As an additional data point, this seems to be triggered by the kernel itself (not sure though, didn't dig any deeper) and is displayed with btrace
:
~ ❯❯❯ sudo btrace /dev/sd{j,k,l,m,n}
8,208 4 1 0.000000000 1971106 D N 0 [kworker/u16:0]
8,160 4 1 0.000896029 351 D N 0 [kworker/4:1H]
8,160 2 1 0.001481716 28 C N [65531]
8,176 2 1 0.002215997 28 C N [65531]
8,192 2 1 0.002240982 189 D N 0 [kworker/2:1H]
8,176 5 1 0.001530792 192 D N 0 [kworker/5:1H]
8,144 5 1 0.003275401 192 D N 0 [kworker/5:1H]
8,208 3 1 0.000787045 35 C N [65531]
8,192 3 1 0.003163968 35 C N [65531]
8,144 3 1 0.003949268 35 C N [65531]
8,176 2 2 2.134056407 28 C N [65531]
8,144 2 1 2.134721766 28 C N [65531]
8,208 2 1 2.135613506 28 C N [65531]
8,160 4 2 2.135647276 351 D N 0 [kworker/4:1H]
8,160 2 2 2.136260911 28 C N [65531]
8,192 2 2 2.136294531 189 D N 0 [kworker/2:1H]
8,192 2 3 2.137180495 28 C N [65531]
8,176 3 1 2.133407440 2092023 D N 0 [kworker/u16:2]
8,144 3 2 2.134108724 190 D N 0 [kworker/3:1H]
8,208 0 1 2.134767357 191 D N 0 [kworker/0:1H]
8,176 6 1 4.269513561 324 D N 0 [kworker/6:1H]
8,160 4 3 4.266711553 1971106 D N 0 [kworker/u16:0]

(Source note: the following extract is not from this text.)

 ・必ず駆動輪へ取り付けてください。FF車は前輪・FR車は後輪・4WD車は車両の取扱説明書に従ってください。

8,192 4 1 4.267451333 351 D N 0 [kworker/4:1H]
8,144 4 1 4.268103277 351 D N 0 [kworker/4:1H]
8,144 2 2 4.268701934 28 C N [65531]
8,160 2 3 4.267347711 28 C N [65531]
8,192 2 4 4.268011237 28 C N [65531]
8,208 2 2 4.269472730 28 C N [65531]
8,208 3 2 4.268780240 190 D N 0 [kworker/3:1H]

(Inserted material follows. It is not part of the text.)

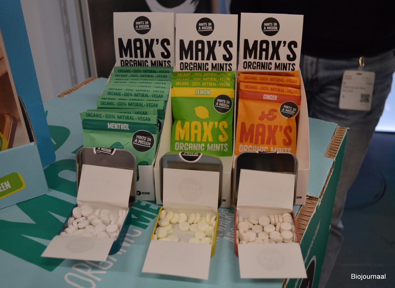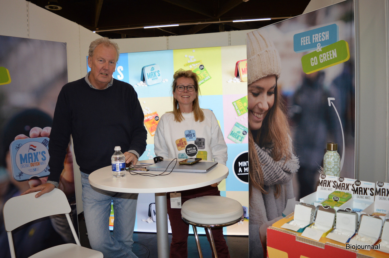 Pieter van der Steen en Dominique van Zon vertegenwoordigde Max's Organic Mints. Pieter: "De kwantiteit van de bezoekers is tot nu toe niet heel oké, de kwaliteit wel. We hebben al veel goede contacten gelegd, dat is natuurlijk het belangrijkst."

8,176 3 2 4.270435353 35 C N [65531]
8,160 7 1 6.402437598 292 D N 0 [kworker/7:1H]
8,192 5 1 6.401618694 192 D N 0 [kworker/5:1H]
8,208 2 3 6.400015344 2099065 D N 0 [kworker/u16:5]
8,208 2 4 6.400746353 28 C N [65531]
8,176 2 3 6.400786333 189 D N 0 [kworker/2:1H]
8,144 4 2 6.403306835 2106419 D N 0 [kworker/u16:8]
8,176 6 2 6.401546412 56 C N [65531]
8,192 6 1 6.402379568 56 C N [65531]
8,160 6 1 6.403024128 56 C N [65531]
8,144 6 1 6.403950697 56 C N [65531]
8,192 6 2 8.535625476 324 D N 0 [kworker/6:1H]
8,144 1 1 8.533310599 2106419 D N 0 [kworker/u16:8]
8,160 1 1 8.534111119 294 D N 0 [kworker/1:1H]
8,208 7 1 8.536296498 292 D N 0 [kworker/7:1H]
8,144 2 3 8.534055160 28 C N [65531]
8,160 2 4 8.534901067 28 C N [65531]
8,176 2 4 8.535580824 28 C N [65531]
8,192 2 5 8.536218365 28 C N [65531]
8,208 2 5 8.537182627 28 C N [65531]
8,176 4 1 8.534957975 351 D N 0 [kworker/4:1H]
8,208 6 1 10.667369536 56 C N [65531]
8,192 6 3 10.671544493 324 D N 0 [kworker/6:1H]
8,192 6 4 10.672275125 56 C N [65531]
8,208 1 1 10.666689562 1971106 D N 0 [kworker/u16:0]
8,176 1 1 10.667442261 294 D N 0 [kworker/1:1H]
8,176 2 5 10.668204709 28 C N [65531]
8,160 2 5 10.670772221 28 C N [65531]
8,144 2 4 10.671500585 28 C N [65531]
8,160 4 4 10.670013979 2055637 D N 0 [kworker/u16:1]
8,144 4 3 10.670856289 351 D N 0 [kworker/4:1H]
Just ejecting and re-inserting an optical disc into a drive will cause a flood of these messages.
Is there a workaround? Echoing 1 to /sys/block/sdi/[DEVICE]/delete gets rid of these messages but also the block device ;-).
Still happens on 0.6.8. I no longer have the monitors with built-in SD card readers, but as soon as I plug in an USB SD card reader, there's again a journal entry appearing every 2 seconds.
Version 0.7.0 uses a new event to monitor disk errors. It requires Kernel 5.18 or upper. Hopefully this should help with the issue.